La referida concesión municipal, por afectar a intereses generales de los ciudadanos, no la convierte en blindada y exenta de toda censura y control. Al concurrir a una licitación pública, ya por sí significa sometimiento a la crítica tanto respecto al procedimiento de atribución -y con mayor razón si se da concurrencia de posibles "manejos"-, como en el desarrollo del cometido de lo adjudicado. En este caso la crítica publicada corrió a cargo del recurrido, en el ejercicio de sus funciones de edil municipal por representación popular, al que le asistía el derecho de informar a los ciudadanos de los avatares acaecidos y sostener su oposición, al estimar, a su entender, incorrecta la concesión otorgada, careciendo las frases aisladas y extraídas del contexto literario de la noticia, de intensidad vejatoria y ofensiva, así como superadoras del límite eventual de la libertad de expresión, para integrar decidido ataque al honor social de los recurrentes.

La referida crítica no tiene por qué cerrarse sólo en el ámbito de la gestión del Ayuntamiento, sino que razonablemente cabe proyectarla respecto a aquellas personas y entidades que se relacionan con dicho ente público y con mayor razón si perciben retribuciones o compensaciones procedentes de las arcas municipales, cuyo adecuado y útil uso interesa a toda la ciudadanía, que debe de conocer su destino y distribución más beneficioso y satisfactorio.

No se aprecia, conforme a lo que se deja dicho, colisión del artículo 18-1, con el 201 de la Constitución en perjuicio y desdoro de los recurrentes y así lo ha declarado esta Sala de Casación Civil en supuestos análogos, en los que la información trasmitida, que en este caso acusa definitiva falta de objetividad de los órganos de gestión municipal y deficiente ejecución de la concesión, proviene del ejercicio de una función pública, en la que se censura y critica el órgano en el que el opositor está integrado, por lo que no procede calificar la actuación del concejal que se demandó como atentatoria o difamadora al prestigio de las sociedades recurrente, dada la ausencia suficientemente acreditada de tal intención, al responder al ejercicio no sólo de un derecho, sino incluso de un deber político y legal en defensa de los intereses municipales, pues en otro caso se atentaría al mantenimiento de la comunicación libre, vaciando en parte de contenido la función de los representantes democráticos en las instituciones públicas (Sentencias de 30-10-1993 y 28-10-1996).

TERCERO

La desestimación del recurso ocasiona que sus costas correspondientes hayan de imponerse a los litigantes de referencia que lo interpusieron, conforme al mandato del artículo 1715 de la Ley de Enjuiciamiento Civil, con la pérdida del depósito constituido.

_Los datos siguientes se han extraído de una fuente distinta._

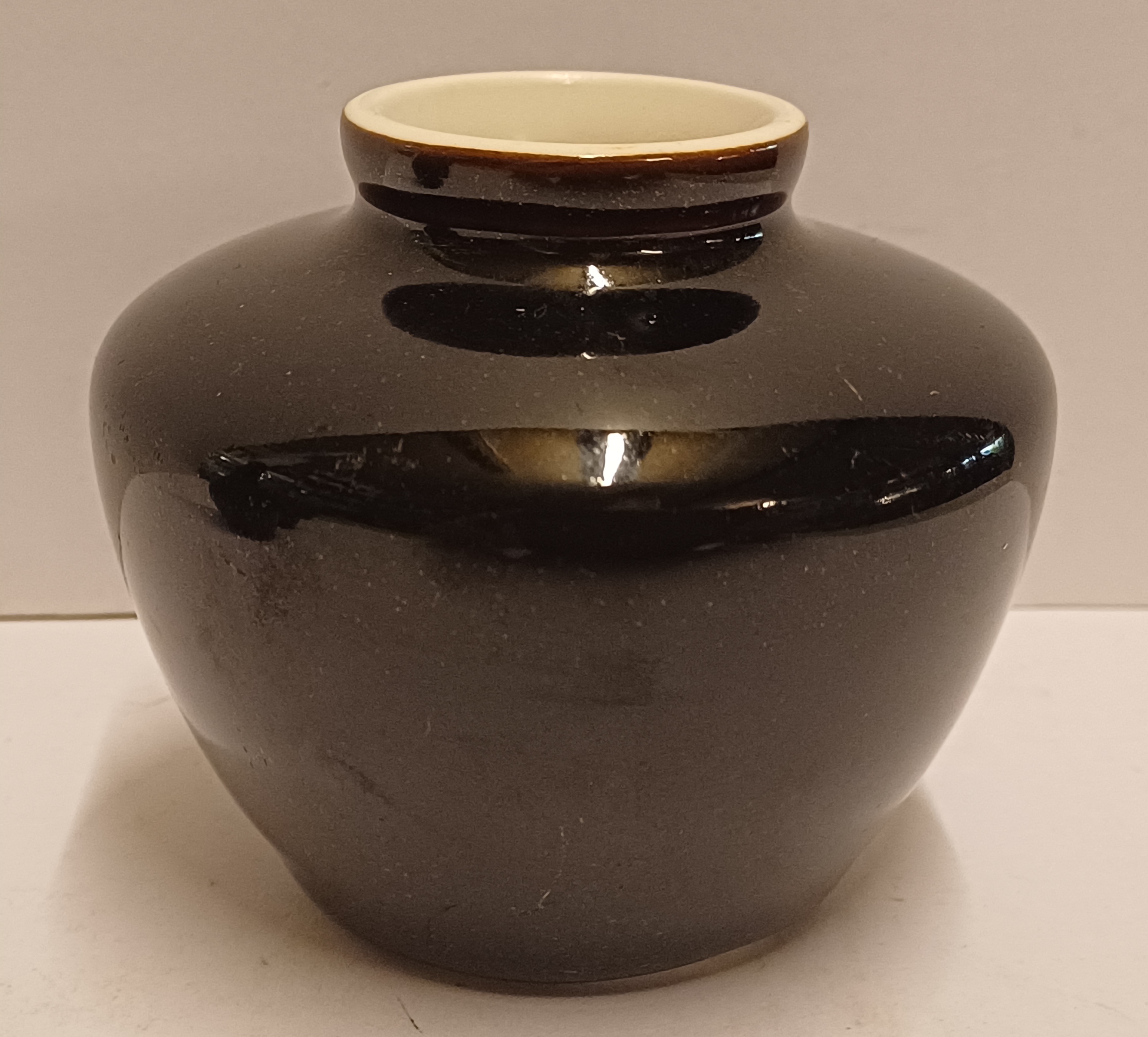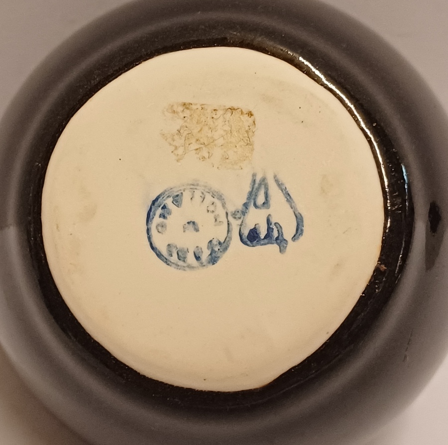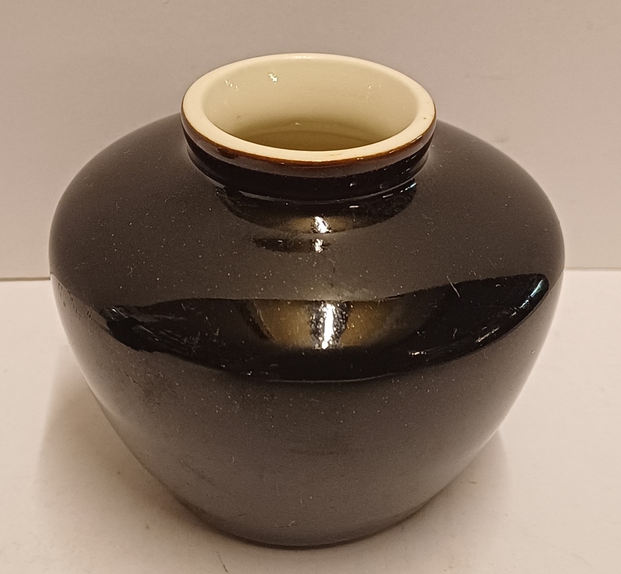 Wit porseleinen vaasje met bruine tenmoku glazuur. Ontwerp Han Knaap. Onderzijde met fabrieksmerk.
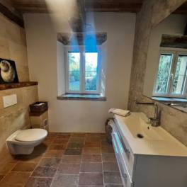 Op de eerste verdieping vindt u twee slaapkamers en een woonkamer met een originele open haard die een warme en gastvrije sfeer creëert. Een badkamer en een mezzanine/studeerkamer met nog een kleine ruimte completeren deze verdieping, welke uitkomt op de tuin en de pergola.
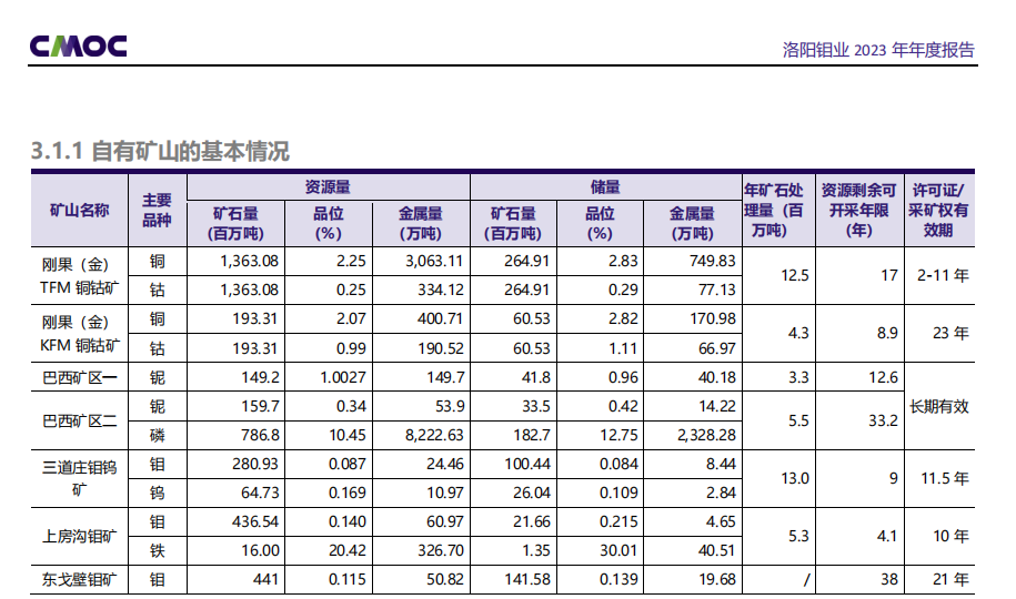 根據洛陽鉬業2023年年報,公司擁有多個優質礦山資源。其中,國內三座,分別是上房溝鉬礦、三道莊鉬礦和東戈壁鉬礦。此外,公司在海外還有四座礦山。除了剛果(金)的TFM和KFM兩座礦山外,還有巴西的鈮礦和磷礦。其中,TFM是全球最大的銅鈷礦之一,KFM是全球第一大鈷礦,巴西鈮礦是世界第二大鈮礦。

Por lo expuesto, en nombre del Rey y por la autoridad conferida por el pueblo españolFALLAMOS

Que debemos de declarar y declaramos no haber lugar al presente recurso de casación, que fue formalizado por las mercantiles Proa Publicidad S.A. y Editorial Gráficas del Tajo S.L., contra la sentencia de fecha ocho de mayo de 1.993, pronunciada por la Audiencia Provincial de Toledo -Sección primera- en el proceso al que este recurso se refiere.

Se imponen a dichos recurrentes las costas de esta casación y se decreta la pérdida del depósito constituido, al que se le dará el destino que legalmente le corresponde

Líbrese la correspondiente certificación de esta resolución y devuélvanse los autos que en su día remitió a la expresada Audiencia, que deberá de acusar recibo.

Así por esta nuestra sentencia, que se insertará en la COLECCIÓN LEGISLATIVA pasándose al efecto las copias necesarias, lo pronunciamos, mandamos y firmamos .- Ignacio Sierra Gil de la Cuesta.- Alfonso Villagómez Rodil.- Francisco Morales Morales.- Jesus Marina Martínez-Pardo.- Pedro González Poveda.- Firmado y rubricado.- PUBLICACIÓN.- Leída y publicada fue la anterior sentencia por el EXCMO. SR. D. Alfonso Villagómez Rodil, Ponente que ha sido en el trámite de los presentes autos, estando celebrando Audiencia Pública la Sala Primera del Tribunal Supremo, en el día de hoy; de lo que como Secretario de la misma, certifico.